Отсюда до Лелиного дома рукой подать, но ноги почему-то не шли дальше. Подумав, понял почему: сработал давний рефлекс. Здесь начиналась запретная зона, дальше идти ему возбранялось, чтобы не попасться на глаза Лелиной маме, всячески старавшейся отвлечь свое детище от неподходящего ухажера.
Они долго и тяжело прощались у этого тополя. Целовались, расходились, снова бежали друг к другу и снова душу раздирала агония разлуки. Тут они расстались, когда он уезжал в Ярославль. Разве думали они тогда, что эта встреча окажется последней?
Чуть подогретый вином и разгоряченный воспоминаниями, Алексей Алексеевич испытал жалость к себе и взгрустнул оттого, что так нелепо оборвалась трогательная любовь.

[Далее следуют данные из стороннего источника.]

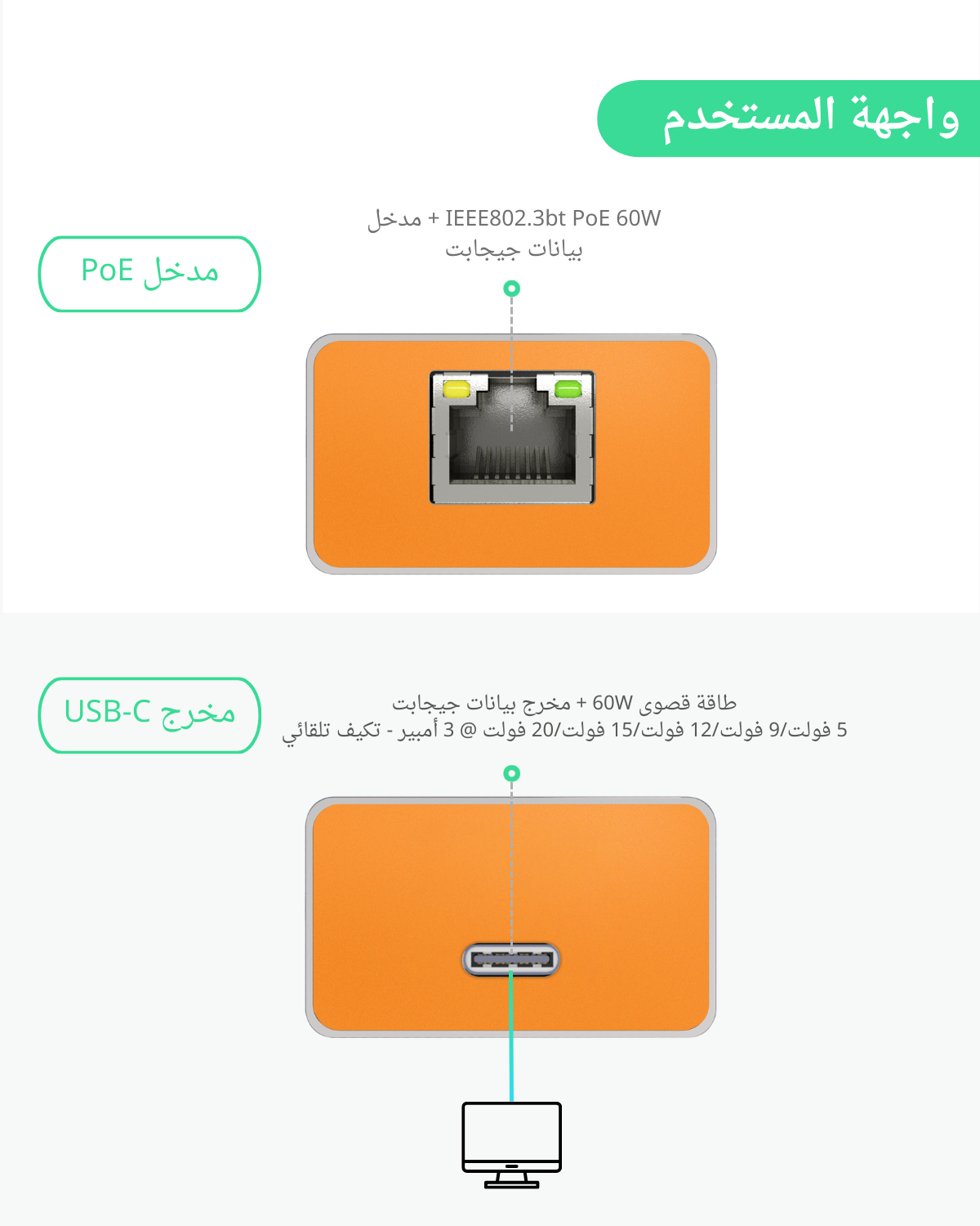 - محول ++PoE إلى USB-C - يحول إشارة ++PoE بقدرة 60W (وفقًا لمعيار IEEE 802.3af/at/bt) إلى USB-C، موفرًا طاقة تصل إلى 60W (5 فولت / 9 فولت / 12 فولت / 15 فولت / 20 فولت، 3 أمبير) وبيانات بسرعة جيجابت لشحن أجهزة Echo Hub والكمبيوتر المحمول والتابلت والهواتف بسرعة عبر كابل إيثرنت واحد.

И вдруг зашагал крупными, решительными шагами, как ходил у себя в Сибирске по заводу. Здания вокруг не вызывали никаких ассоциаций — он редко появлялся здесь, а если и появлялся, то ничего не видел вокруг, боялся одного: как бы не увидели его. И проделывал этот путь только в том случае, если Леля не приходила на свидание. Тогда, преодолев робость, он украдкой приближался к дому и опускал в отверстие для писем конверт с библиотечным бланком (бланки как-то подвернулись ему под руку, и он сунул штук десять в карман, сам не зная для чего, так, из озорства), на котором значилось: «Прошу вас вернуть взятую в библиотеке № 11 книгу ввиду того, что означенный срок истек». По этому вызову Леля являлась непременно, прибегая ко всякого рода ухищрениям, — знала, что он будет топтаться на «Углу встреч» и час и два, пока не дождется.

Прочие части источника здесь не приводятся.